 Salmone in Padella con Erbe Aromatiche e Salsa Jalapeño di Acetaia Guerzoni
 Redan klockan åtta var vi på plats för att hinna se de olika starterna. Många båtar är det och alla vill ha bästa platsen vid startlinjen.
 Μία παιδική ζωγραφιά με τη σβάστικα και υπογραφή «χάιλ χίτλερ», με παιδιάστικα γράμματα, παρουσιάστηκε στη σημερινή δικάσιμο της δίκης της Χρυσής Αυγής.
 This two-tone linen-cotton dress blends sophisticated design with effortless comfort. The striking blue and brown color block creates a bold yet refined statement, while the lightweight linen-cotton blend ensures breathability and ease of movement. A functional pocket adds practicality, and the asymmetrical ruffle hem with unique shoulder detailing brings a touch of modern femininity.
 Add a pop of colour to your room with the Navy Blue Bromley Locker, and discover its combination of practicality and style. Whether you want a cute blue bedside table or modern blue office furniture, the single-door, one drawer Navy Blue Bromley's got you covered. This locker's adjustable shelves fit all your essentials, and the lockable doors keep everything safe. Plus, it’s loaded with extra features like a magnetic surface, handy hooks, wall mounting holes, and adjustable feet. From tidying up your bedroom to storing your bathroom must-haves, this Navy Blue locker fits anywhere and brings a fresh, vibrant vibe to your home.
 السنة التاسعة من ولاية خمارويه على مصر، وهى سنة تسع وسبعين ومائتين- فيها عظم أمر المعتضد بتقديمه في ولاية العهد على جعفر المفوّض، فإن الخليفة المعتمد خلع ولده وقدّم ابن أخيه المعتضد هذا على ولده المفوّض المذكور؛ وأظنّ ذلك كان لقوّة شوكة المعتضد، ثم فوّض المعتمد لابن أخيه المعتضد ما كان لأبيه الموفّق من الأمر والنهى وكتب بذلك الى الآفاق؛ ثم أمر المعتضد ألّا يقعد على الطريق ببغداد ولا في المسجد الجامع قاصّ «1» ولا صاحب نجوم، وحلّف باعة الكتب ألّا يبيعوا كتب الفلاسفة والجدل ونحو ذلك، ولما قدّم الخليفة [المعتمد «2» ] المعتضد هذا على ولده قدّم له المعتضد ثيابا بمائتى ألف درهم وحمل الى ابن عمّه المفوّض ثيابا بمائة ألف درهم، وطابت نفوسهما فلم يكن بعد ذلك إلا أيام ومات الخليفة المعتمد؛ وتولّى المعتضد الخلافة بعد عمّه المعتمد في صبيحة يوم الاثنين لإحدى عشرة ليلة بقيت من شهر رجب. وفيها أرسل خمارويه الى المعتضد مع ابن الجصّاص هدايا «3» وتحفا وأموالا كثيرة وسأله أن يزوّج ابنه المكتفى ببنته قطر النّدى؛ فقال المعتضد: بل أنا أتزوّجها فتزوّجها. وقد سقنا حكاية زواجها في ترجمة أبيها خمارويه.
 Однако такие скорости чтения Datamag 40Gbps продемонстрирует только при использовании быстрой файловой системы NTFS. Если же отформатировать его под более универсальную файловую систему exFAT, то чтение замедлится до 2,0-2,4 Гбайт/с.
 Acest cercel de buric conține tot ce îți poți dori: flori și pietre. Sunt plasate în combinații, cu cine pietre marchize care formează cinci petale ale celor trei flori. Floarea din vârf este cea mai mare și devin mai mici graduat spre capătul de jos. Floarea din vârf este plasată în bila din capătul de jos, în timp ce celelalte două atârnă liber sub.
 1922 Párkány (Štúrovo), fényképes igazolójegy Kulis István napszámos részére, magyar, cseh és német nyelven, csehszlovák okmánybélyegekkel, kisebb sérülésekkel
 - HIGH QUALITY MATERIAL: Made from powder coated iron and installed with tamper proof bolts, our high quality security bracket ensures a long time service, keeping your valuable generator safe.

...

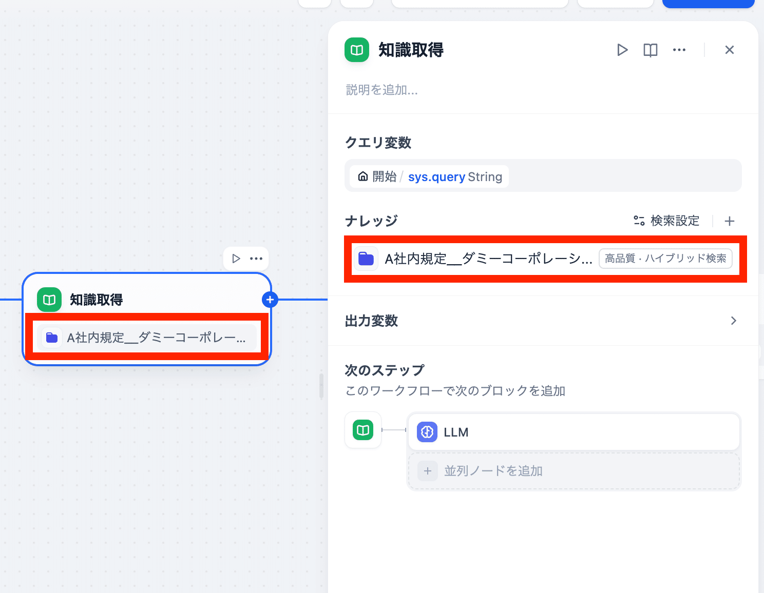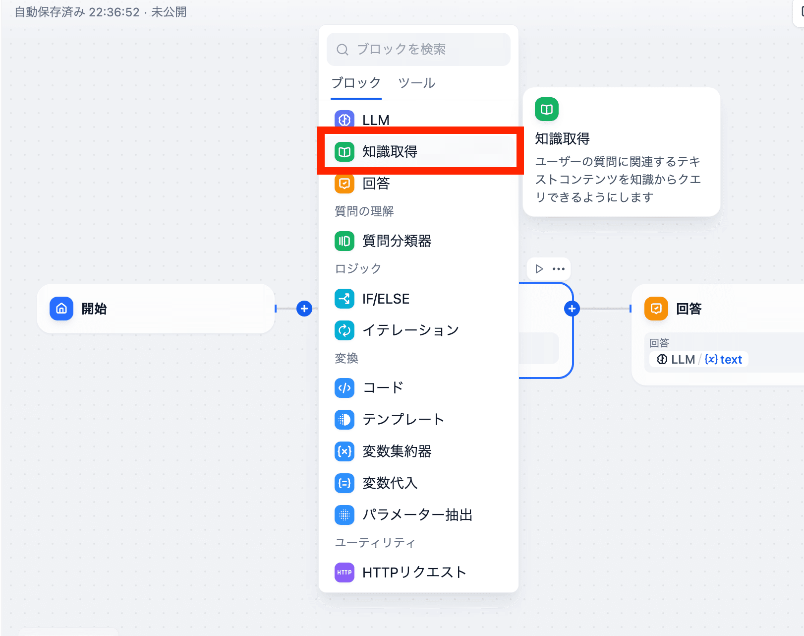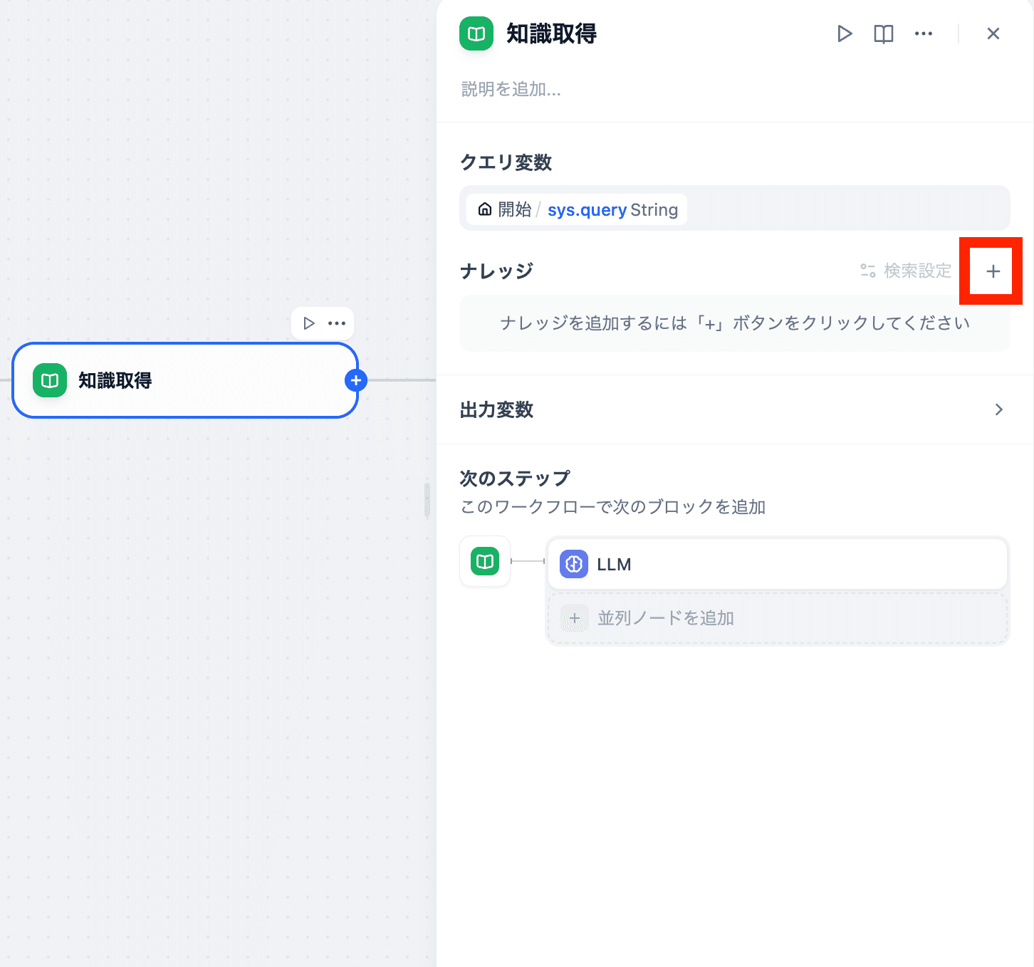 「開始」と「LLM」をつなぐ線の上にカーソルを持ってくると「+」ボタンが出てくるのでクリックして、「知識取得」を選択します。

==

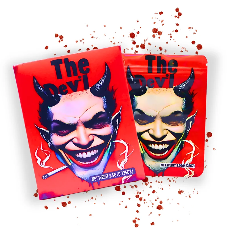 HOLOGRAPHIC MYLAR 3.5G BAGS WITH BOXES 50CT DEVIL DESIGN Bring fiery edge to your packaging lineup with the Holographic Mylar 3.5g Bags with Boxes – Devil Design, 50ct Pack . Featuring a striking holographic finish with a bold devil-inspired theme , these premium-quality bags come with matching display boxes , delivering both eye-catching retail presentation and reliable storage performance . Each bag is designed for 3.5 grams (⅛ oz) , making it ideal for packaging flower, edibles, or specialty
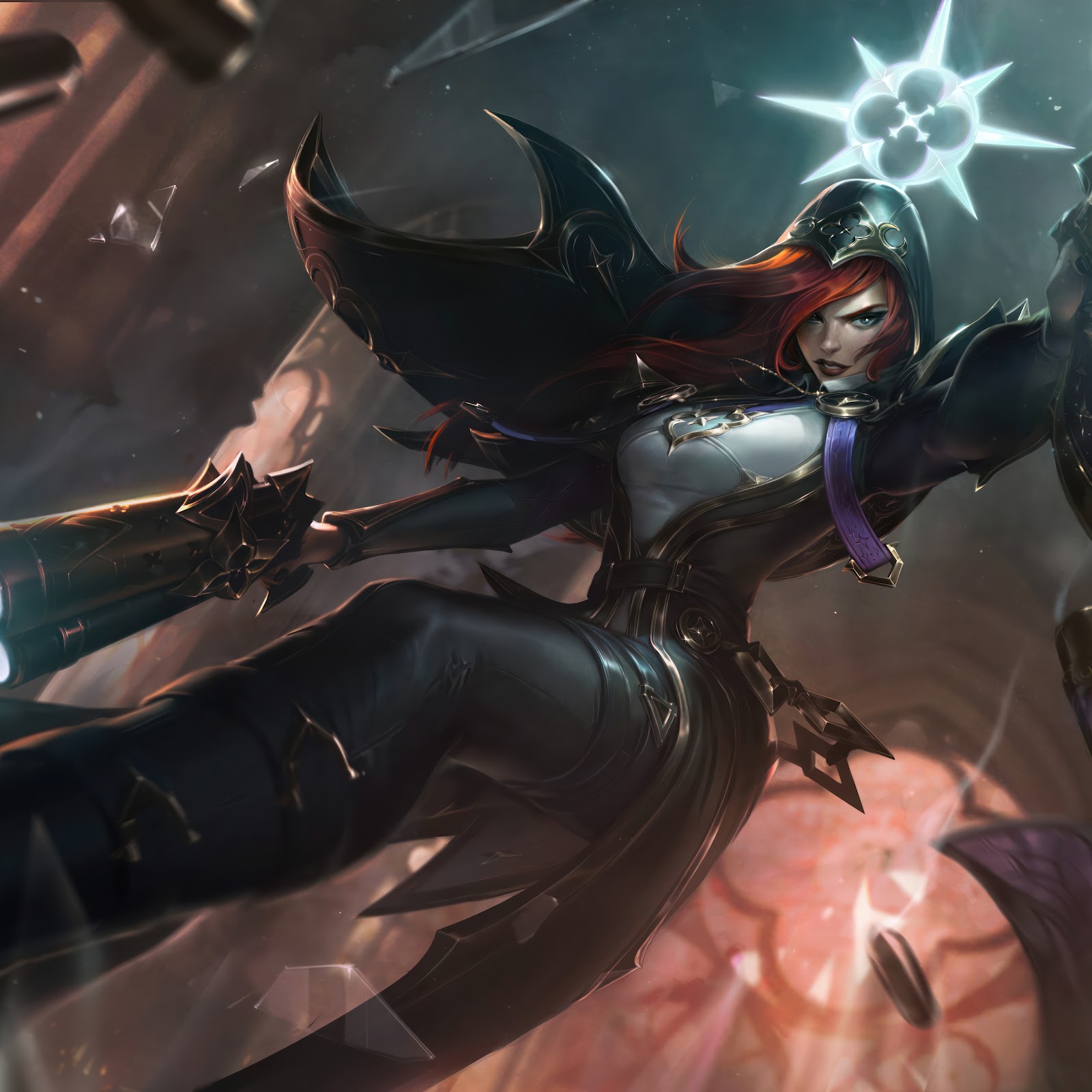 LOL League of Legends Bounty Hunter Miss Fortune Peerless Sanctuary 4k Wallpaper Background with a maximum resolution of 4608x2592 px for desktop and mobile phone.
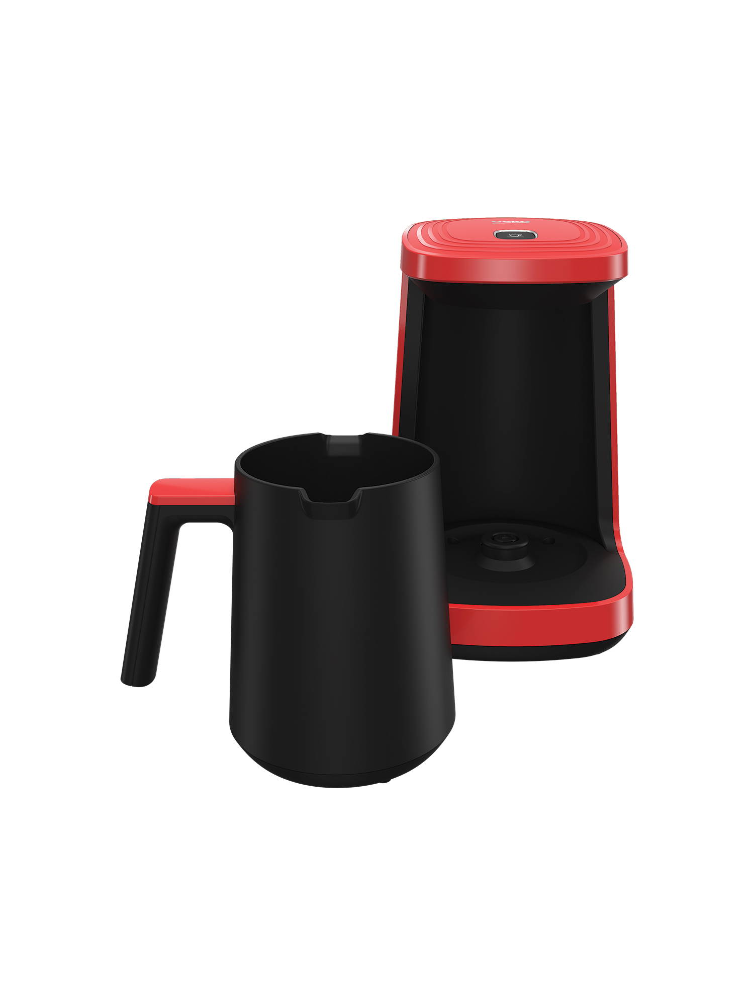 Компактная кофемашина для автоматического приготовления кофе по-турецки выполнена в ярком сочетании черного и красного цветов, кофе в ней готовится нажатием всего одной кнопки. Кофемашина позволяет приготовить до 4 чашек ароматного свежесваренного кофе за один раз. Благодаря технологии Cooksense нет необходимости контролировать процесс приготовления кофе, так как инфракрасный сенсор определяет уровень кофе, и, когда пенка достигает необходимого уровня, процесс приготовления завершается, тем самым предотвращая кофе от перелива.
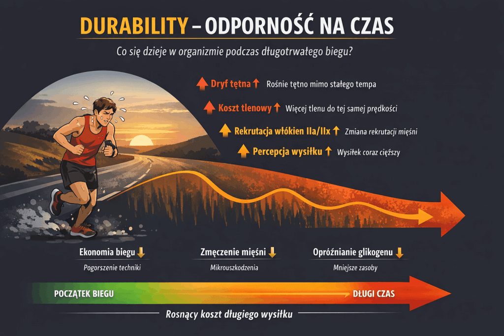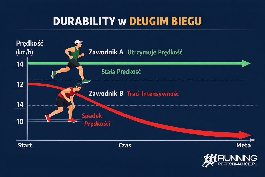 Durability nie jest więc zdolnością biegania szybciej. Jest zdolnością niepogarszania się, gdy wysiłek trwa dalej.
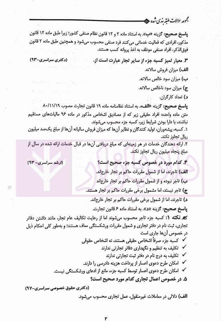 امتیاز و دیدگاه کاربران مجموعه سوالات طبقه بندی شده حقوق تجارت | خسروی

Try it - Go through the lines above and copy any that contain "ensures".

Completed exercise -
 This two-tone linen-cotton dress blends sophisticated design with effortless comfort. The striking blue and brown color block creates a bold yet refined statement, while the lightweight linen-cotton blend ensures breathability and ease of movement. A functional pocket adds practicality, and the asymmetrical ruffle hem with unique shoulder detailing brings a touch of modern femininity.
 - HIGH QUALITY MATERIAL: Made from powder coated iron and installed with tamper proof bolts, our high quality security bracket ensures a long time service, keeping your valuable generator safe.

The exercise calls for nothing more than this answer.